High Performance Airfoil with Co-flow Jet Flow Control
Gecheng Zha and Craig Paxton
Problem
Significant improvements in aircraft performance can be achieved by optimizing an airfoil design. One of the important goals of the airfoil design is to achieve a compromise in airfoil topology to satisfy different operating conditions such as take-off and landing (low speed, high angle of attack) and cruising conditions (high speed, low angle of attack). Conventionally, it is achieved by varying the wing geometry, for example, by increasing the surface of the wings by means of extending the flaps during take-offs and landings. It is highly desirable to obtain an airfoil configuration that can be equally efficient for different aerodynamic conditions and have a simple mechanical design at the same time.
Solution
The aerodynamic structure of the present invention includes an airfoil having an injection slot on the suction surface of the airfoil near the leading edge, as well as a recovery slot on the suction surface of the airfoil near the trailing edge. Employing a pressurized fluid source, which may include bleed air from an engine, a high-energy fluid jet is injected near the leading edge tangentially along the suction surface of the airfoil, and substantially the same amount of mass flow is sucked in the recovery slot near the trailing edge, which can then be directed back into the circulation system of the engine to create the zero-net mass flux flow control to minimize the energy expenditure.
Competitive Advantage
The present invention provides an airfoil configuration that can be used to: 1) generate high lift without using the flap and slat system to reduce airplane weight and noise; 2) improve L/D and hence significantly reduce fuel consumption and emission pollution; 3) achieve extremely short take-off/landing (ESTOL) performance due to very high lift and low stall speed.
Applications
The invention is applicable to aircraft airfoils.
Patent Status
U.S. patent application 11/064,053 entitled, "HIGH PERFORMANCE AIRFOIL WITH CO-FLOW JET FLOW CONTROL" and a counterpart international patent application
WO2006022833 was published on March 2, 2006.
Licensing Opportunity
We are seeking a commercialization partner with capabilities in product development, sales, and marketing.
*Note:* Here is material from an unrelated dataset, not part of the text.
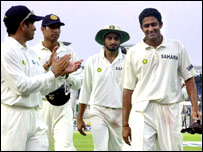 टॉस जीतकर पहले मेज़बान टीम को बल्लेबाज़ी के लिए उतारने के बाद भारत ने शुरू से ही मैच पर पकड़ बनाए रखी. इरफ़ान पठान ने पाँच और अनिल कुंबले व ज़हीर ख़ान ने दो-दो विकेट लिए. आख़िरी बल्लेबाज़ रन आउट हुआ. इसी दौरान अनिल कुंबले ने मोहम्मद रफ़ीक़ का विकेट लेकर कपिल देव के 434 विकेट के रिकॉर्ड को तोड़ दिया. अब कुंबले टेस्ट क्रिकेट में भारत की ओर से सबसे ज़्यादा टेस्ट विकेट लेने वाले खिलाड़ी बन गए हैं. बांग्लादेश की ओर से मध्यक्रम के मोहम्मद अशरफ़ुल ने अच्छी बल्लेबाज़ी की और वे 60 रन बनाकर नाबाद रहे. जबकि मोहम्मद रफ़ीक़ ने 47 रनों की पारी खेली. | इससे जुड़ी ख़बरें कुंबले ने तोड़ा कपिल देव का रिकॉर्ड11 दिसंबर, 2004 | खेल हौसला नहीं हारते हैं कुंबले कभी10 दिसंबर, 2004 | खेल पहला दिन भारतीय गेंदबाज़ों का रहा10 दिसंबर, 2004 | खेल चटगाँव में भी खेलेगी भारतीय टीम09 दिसंबर, 2004 | खेल भारतीय क्रिकेट टीम ढाका पहुँची08 दिसंबर, 2004 | खेल इंटरनेट लिंक्स बीबीसी बाहरी वेबसाइट की विषय सामग्री के लिए ज़िम्मेदार नहीं है. | |||||||||||||||||||||||||||||||||||||||||||||||||||||||||||||||||||||||||||||||||||||||||||||

An exclusive worldwide license is available.
About the Inventors
Dr. Zha, is an Associate Professor at the University of Miami (UM) since 2001. He has extensive experience on aircraft aerodynamics, flow control, wind tunnel tests, turbomachinery, propeller aerodynamics, landing gear aerodynamics, Computational Fluid Dynamics algorithm development and application, and design optimization. Dr. Zha's research at UM has been funded by AFOSR (Air Force Office of Scientific Research), NASA, ARO (Army Research Office) NRC (National Research Council), AFRL (Air Force Research Lab), and Siemens. Before Dr. Zha joined UM, he had extensive experience within the aerospace industry (GE Aircraft Engines, Pratt & Whitney) and government lab (AFRL). Dr. Zha received his Ph.D. degree from University of Montreal supported by the Quebec government FCAR award for outstanding Ph.D. students. In the spring of 2000, Dr. Zha studied at MIT as a special student in the Dept. of Aeronautics and Astronautics. Dr. Zha has published 18 journal papers, 1 book chapter, and 37 conference papers.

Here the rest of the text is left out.